**WORK REQUEST**
Please reproduce the entries exactly as they appear below, but not the pictures.

= = =

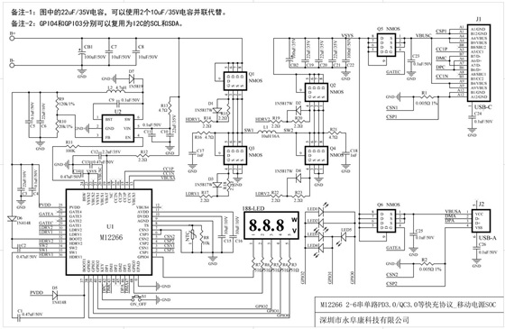 由于常見的便攜式電子設(shè)備都采用鋰電池供電,而不同設(shè)備的電采用的鋰電池串數(shù)不同。多節(jié)鋰電池充放電管理一直是一個棘手的問題。Type-C要統(tǒng)一充電接口,為不同鋰電池串數(shù)的電子設(shè)備進行充電,對充電芯片的要求是內(nèi)置快充協(xié)議的同時,還需要實現(xiàn)對不同設(shè)備鋰電池組的充放電管理。為此,深圳市永阜康科技有限公司現(xiàn)在大力推廣一顆內(nèi)置PD3.0/QC3.0等主流快充協(xié)議、3-6多節(jié)鋰電池移動電源雙向100W快充IC-M12266,配合極簡的外圍電路,即可實現(xiàn)常見便攜電子設(shè)備的Type-C快充需求。
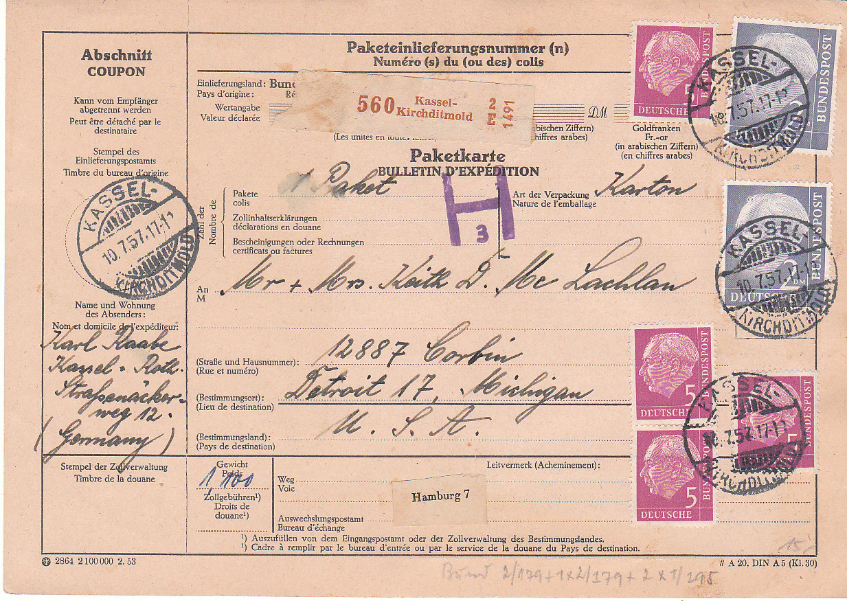 Ein Industriearbeiter hatte 1958 einen durchschnittlichen Wochenlohn von ~ 115 DM bei einer Wochenarbeitszeit von 46 Stunden (Quelle:http://www.chroniknet.de/indx_de.0.html?article=2201&year=1958). Vor diesem Hintergrund sieht man solch eine Frankatur mit ganz anderen Augen ;)
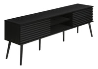 Elevate your entertainment area to a whole new level with our 72 inch tv stand in a black laminate finish featuring 2 stylish sliding doors and storage shelves. This retro style media console is not only fashionable but also durably designed with solid wood legs. With open storage shelves as well as closed storage, you can easily showcase audio/visual components while keeping them organized. Say goodbye to messy cables thanks to the easy cable management system behind the fixed shelves. Enjoy the convenience of this easy to assemble unit with all hardware included. The easy to clean top ensures your tv stand stays looking fresh and new for years to come. Whether this is for your bedroom or living room, this console is the perfect addition to any contemporary space, and with a 5 year limited warranty, you can trust that this piece is solidly constructed to last. Upgrade your media entertainment center with this fashionable style console that includes storage cabinets to keep things organized and out of sight.
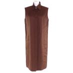美品△HERMES エルメス ヴィンテージ リネン100% マルジェラ期 Hロゴボタン ノースリーブ シャツ ワンピース ブラウン 40 仏製 正規品
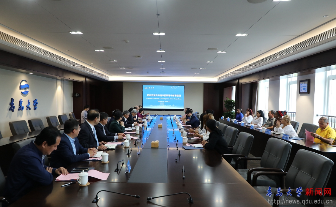 新聞網(wǎng)訊 5月15日下午,古巴共產(chǎn)黨中央委員、圣地亞哥省委第一書記比阿特麗茲·約翰遜·烏魯?shù)賮喡暑I “古共省市委領導干部考察團”一行15人來我校訪問交流,校黨委書記胡金焱在會議中心302會議室會見并與代表團進行了座談交流。中聯(lián)部五局、青島市委外辦有關負責人陪同考察團來校訪問。校黨委常委、副校長何燕主持座談會,校黨委常委、宣傳部部長吳世珍出席座談會。
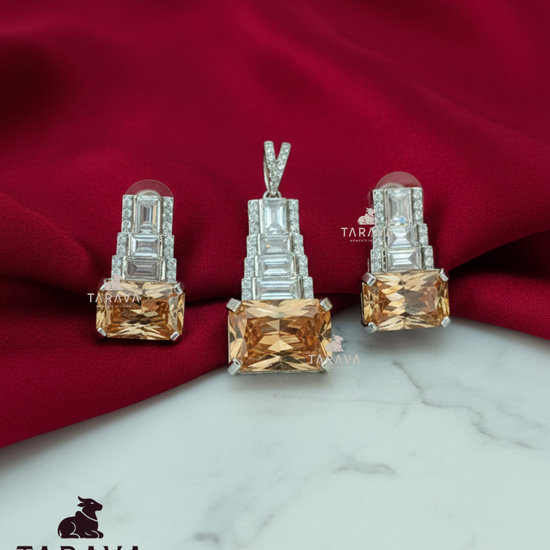 Champagne Rectangle CZ Silver Pendant with Earrings Set
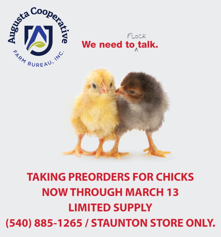 Call the Staunton store at 540-885-1265 to preorder chicks now through March 13! Limited supply.
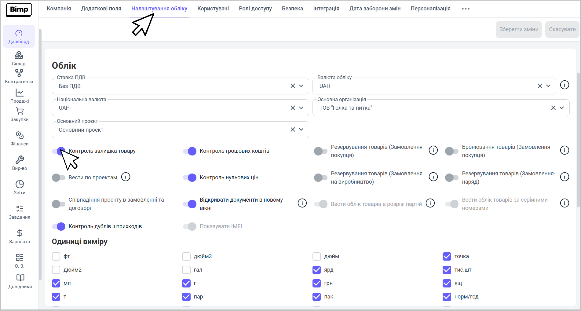 🔹Далі перейдіть у вкладку "Налаштування обліку" та активуйте перемикач "Контроль залишків".
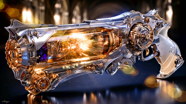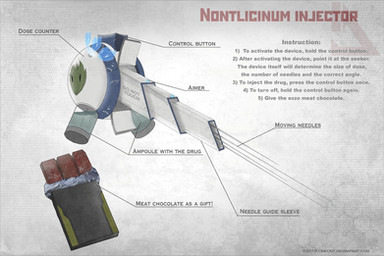 Church engineers, adopting this technology from sun children, adapted it to their needs. Now, for military needs on Inner Surface, where it is impossible to use electronics, a clockwork melee weapon is supplied. When the trigger is charged, the clockwork mechanism strikes the blade at any contact, splitting armor and tearing flesh, an exact hit with such a sword can break Needles to smithereens.
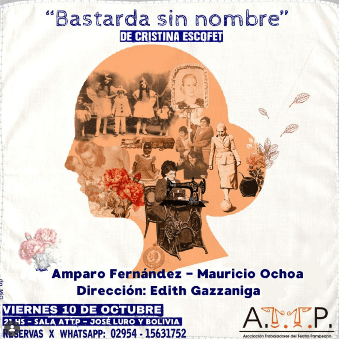 21h Teatro: Bastarda sin nombre el Teatro ATTP (José Luro y Bolivia). Entradas a la gorra. Reservas al 02954 – 15631752.
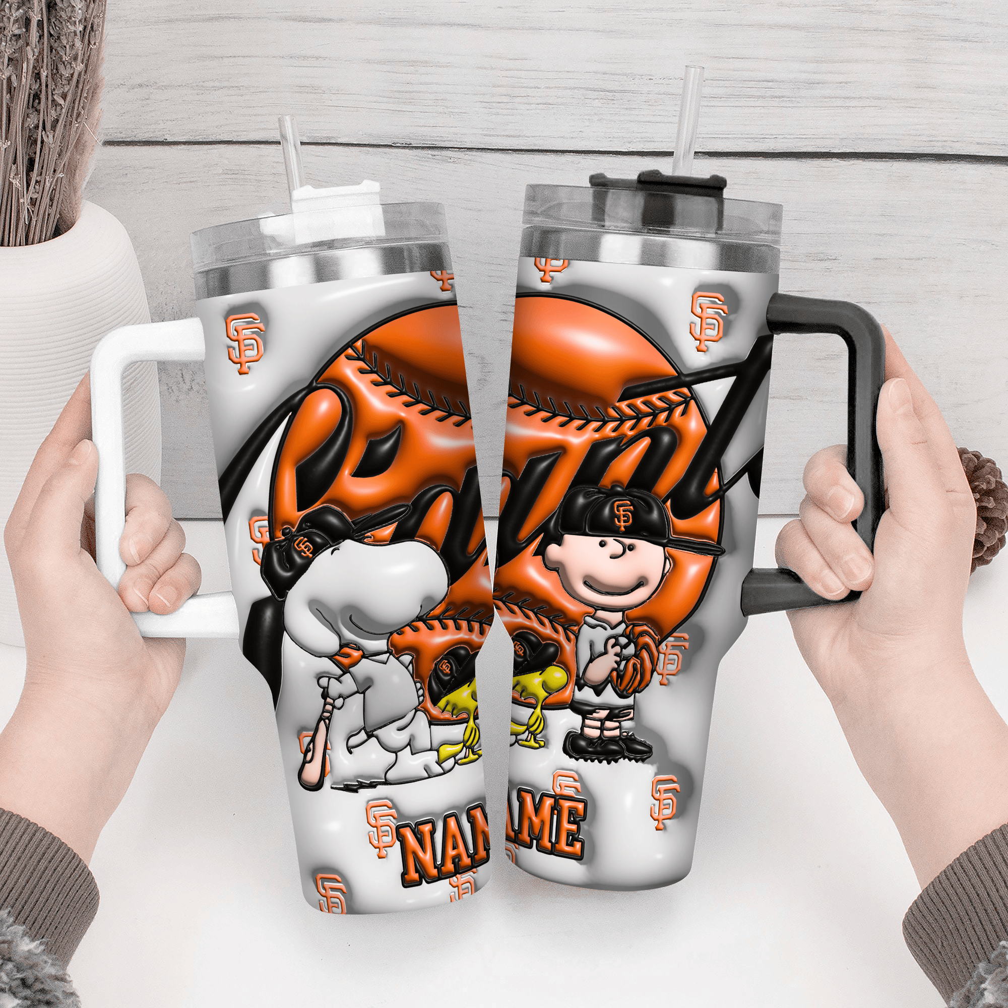 3D Snoopy and San Francisco Giants Cartoon,MLB Custom Stanley Quencher 40oz Stainless Steel Tumbler With Handle

= = =

**REPLY**
 由于常見的便攜式電子設(shè)備都采用鋰電池供電,而不同設(shè)備的電采用的鋰電池串數(shù)不同。多節(jié)鋰電池充放電管理一直是一個棘手的問題。Type-C要統(tǒng)一充電接口,為不同鋰電池串數(shù)的電子設(shè)備進行充電,對充電芯片的要求是內(nèi)置快充協(xié)議的同時,還需要實現(xiàn)對不同設(shè)備鋰電池組的充放電管理。為此,深圳市永阜康科技有限公司現(xiàn)在大力推廣一顆內(nèi)置PD3.0/QC3.0等主流快充協(xié)議、3-6多節(jié)鋰電池移動電源雙向100W快充IC-M12266,配合極簡的外圍電路,即可實現(xiàn)常見便攜電子設(shè)備的Type-C快充需求。
 Ein Industriearbeiter hatte 1958 einen durchschnittlichen Wochenlohn von ~ 115 DM bei einer Wochenarbeitszeit von 46 Stunden (Quelle:http://www.chroniknet.de/indx_de.0.html?article=2201&year=1958). Vor diesem Hintergrund sieht man solch eine Frankatur mit ganz anderen Augen ;)
 Elevate your entertainment area to a whole new level with our 72 inch tv stand in a black laminate finish featuring 2 stylish sliding doors and storage shelves. This retro style media console is not only fashionable but also durably designed with solid wood legs. With open storage shelves as well as closed storage, you can easily showcase audio/visual components while keeping them organized. Say goodbye to messy cables thanks to the easy cable management system behind the fixed shelves. Enjoy the convenience of this easy to assemble unit with all hardware included. The easy to clean top ensures your tv stand stays looking fresh and new for years to come. Whether this is for your bedroom or living room, this console is the perfect addition to any contemporary space, and with a 5 year limited warranty, you can trust that this piece is solidly constructed to last. Upgrade your media entertainment center with this fashionable style console that includes storage cabinets to keep things organized and out of sight.
美品△HERMES エルメス ヴィンテージ リネン100% マルジェラ期 Hロゴボタン ノースリーブ シャツ ワンピース ブラウン 40 仏製 正規品
 新聞網(wǎng)訊 5月15日下午,古巴共產(chǎn)黨中央委員、圣地亞哥省委第一書記比阿特麗茲·約翰遜·烏魯?shù)賮喡暑I “古共省市委領導干部考察團”一行15人來我校訪問交流,校黨委書記胡金焱在會議中心302會議室會見并與代表團進行了座談交流。中聯(lián)部五局、青島市委外辦有關負責人陪同考察團來校訪問。校黨委常委、副校長何燕主持座談會,校黨委常委、宣傳部部長吳世珍出席座談會。
 Champagne Rectangle CZ Silver Pendant with Earrings Set
 Call the Staunton store at 540-885-1265 to preorder chicks now through March 13! Limited supply.
 🔹Далі перейдіть у вкладку "Налаштування обліку" та активуйте перемикач "Контроль залишків".
 Church engineers, adopting this technology from sun children, adapted it to their needs. Now, for military needs on Inner Surface, where it is impossible to use electronics, a clockwork melee weapon is supplied. When the trigger is charged, the clockwork mechanism strikes the blade at any contact, splitting armor and tearing flesh, an exact hit with such a sword can break Needles to smithereens.
 21h Teatro: Bastarda sin nombre el Teatro ATTP (José Luro y Bolivia). Entradas a la gorra. Reservas al 02954 – 15631752.
 3D Snoopy and San Francisco Giants Cartoon,MLB Custom Stanley Quencher 40oz Stainless Steel Tumbler With Handle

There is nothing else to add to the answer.